The phrase “show, don’t tell” feels like it would have been useful writing advice for FastHorse. As humans, people don’t openly discuss their innermost motivations and objectives. It is up to the audience to interpret the character’s truest motivation based on good acting. There is one point in the play where Carmelo verbally announces that she is going to use Bowen’s desire to connect with the elder council as bait for her plotting. It would have been far more interesting for Carmelo to show this through her actions.
The side plot about Grace (Dakota Ray Hebert) as a “race-shifting lawyer” is one of the funniest bits of the show, although again there is a misstep in direction. The scenes with Hebert stand out in terms of writing quality but feel as if they are a millennial trying to appeal to Gen Z, with Garcés’ staging, the addition of a selfie stick and Hebert livestreaming the beginning of a lawsuit trial.

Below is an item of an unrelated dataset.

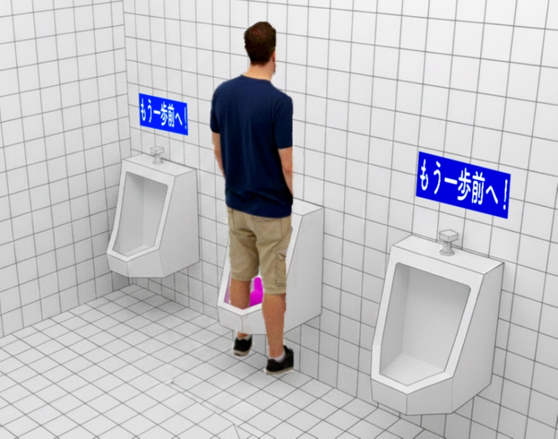 消防によると、店内の小便器には、床を汚さないよう「もう一歩前へ」という注意書きが貼られていた。男性は指示通り一歩前へ出て、便器や壁の中に体の一部が入り込んだとみられる。

The set, with sliding offices designed by Sara Ryung Clement, are standout, and the decorations inside the office and adorning the doors feel purposeful. Additionally, the use of windows within the set allows for some of the more successful farcical moments by Garcés to truly land. The audience feels as though they are given a window into the characters’ world.
All in all, the show falls flat on multiple jokes and is too messy with characters and their relationships to be considered anything but confused. Perhaps between now and the Arena Stage run in Washington, D.C. beginning April 3, it will find its direction.